Travelling waves for discrete stochastic bistable equations

TL;DR

This paper investigates how nonlocal discretization and stochastic noise affect travelling wave solutions in a discrete Nagumo equation, showing that solutions remain close to classical fronts under certain conditions.

Contribution

It demonstrates the existence and stability of travelling wave solutions in discrete stochastic Nagumo equations, extending understanding of their behavior under noise and discretization.

Findings

Solutions stay close to classical Nagumo fronts with high probability

Traveling waves exist under small noise and discretization levels

Results apply to a broad class of discrete stochastic bistable systems

Abstract

Many physical, chemical and biological systems have an inherent discrete spatial structure that strongly influences their dynamical behaviour. Similar remarks apply to internal or external noise, as well as to nonlocal coupling.
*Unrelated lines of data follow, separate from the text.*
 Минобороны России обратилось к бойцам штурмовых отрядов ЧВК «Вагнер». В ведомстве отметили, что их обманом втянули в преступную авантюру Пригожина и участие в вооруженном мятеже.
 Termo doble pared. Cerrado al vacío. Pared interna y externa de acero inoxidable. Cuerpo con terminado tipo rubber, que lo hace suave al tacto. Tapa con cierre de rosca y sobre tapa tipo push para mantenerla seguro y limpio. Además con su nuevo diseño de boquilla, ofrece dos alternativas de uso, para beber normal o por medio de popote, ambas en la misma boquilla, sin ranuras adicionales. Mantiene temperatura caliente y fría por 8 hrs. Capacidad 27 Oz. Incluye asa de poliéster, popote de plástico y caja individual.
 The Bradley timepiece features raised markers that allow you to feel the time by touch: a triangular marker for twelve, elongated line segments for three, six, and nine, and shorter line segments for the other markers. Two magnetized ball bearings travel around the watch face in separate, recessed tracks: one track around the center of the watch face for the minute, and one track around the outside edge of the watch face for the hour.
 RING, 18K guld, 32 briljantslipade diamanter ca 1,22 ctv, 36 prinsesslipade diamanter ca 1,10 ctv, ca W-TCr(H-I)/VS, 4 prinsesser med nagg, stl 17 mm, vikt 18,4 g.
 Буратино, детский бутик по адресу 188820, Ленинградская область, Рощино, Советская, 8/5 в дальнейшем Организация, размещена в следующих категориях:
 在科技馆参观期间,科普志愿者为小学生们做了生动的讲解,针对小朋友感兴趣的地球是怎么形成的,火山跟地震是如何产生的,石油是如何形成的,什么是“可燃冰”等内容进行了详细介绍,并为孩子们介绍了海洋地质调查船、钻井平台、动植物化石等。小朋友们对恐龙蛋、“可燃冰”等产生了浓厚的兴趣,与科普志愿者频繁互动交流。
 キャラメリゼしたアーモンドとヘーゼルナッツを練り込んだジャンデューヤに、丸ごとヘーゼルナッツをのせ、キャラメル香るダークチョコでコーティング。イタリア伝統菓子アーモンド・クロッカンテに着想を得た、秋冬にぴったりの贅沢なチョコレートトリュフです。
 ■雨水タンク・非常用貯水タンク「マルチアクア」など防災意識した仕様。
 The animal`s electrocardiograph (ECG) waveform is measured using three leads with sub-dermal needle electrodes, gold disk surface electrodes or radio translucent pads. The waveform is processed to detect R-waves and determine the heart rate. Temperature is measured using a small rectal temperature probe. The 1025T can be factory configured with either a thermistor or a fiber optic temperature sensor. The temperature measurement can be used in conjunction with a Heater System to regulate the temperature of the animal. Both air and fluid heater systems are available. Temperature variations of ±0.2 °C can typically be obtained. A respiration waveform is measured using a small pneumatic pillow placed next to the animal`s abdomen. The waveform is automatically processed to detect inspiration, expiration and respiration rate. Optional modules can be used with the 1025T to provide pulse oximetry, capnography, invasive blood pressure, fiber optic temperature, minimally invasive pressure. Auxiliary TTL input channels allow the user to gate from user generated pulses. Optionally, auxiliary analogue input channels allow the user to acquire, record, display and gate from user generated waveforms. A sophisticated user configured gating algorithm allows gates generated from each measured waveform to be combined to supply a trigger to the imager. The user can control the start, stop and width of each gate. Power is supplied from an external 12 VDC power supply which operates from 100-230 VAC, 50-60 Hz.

In this paper we study the combined effect of nonlocal spatial discretization and stochastic perturbations on travelling waves in the Nagumo equation, which is a prototypical model for bistable reaction-diffusion partial differential equations (PDEs). We prove that under suitable parameter conditions, various discrete-stochastic variants of the Nagumo equation have solutions, which stay close on long time scales to the classical monotone Nagumo front with high probability if the noise level and spatial discretization are sufficiently small.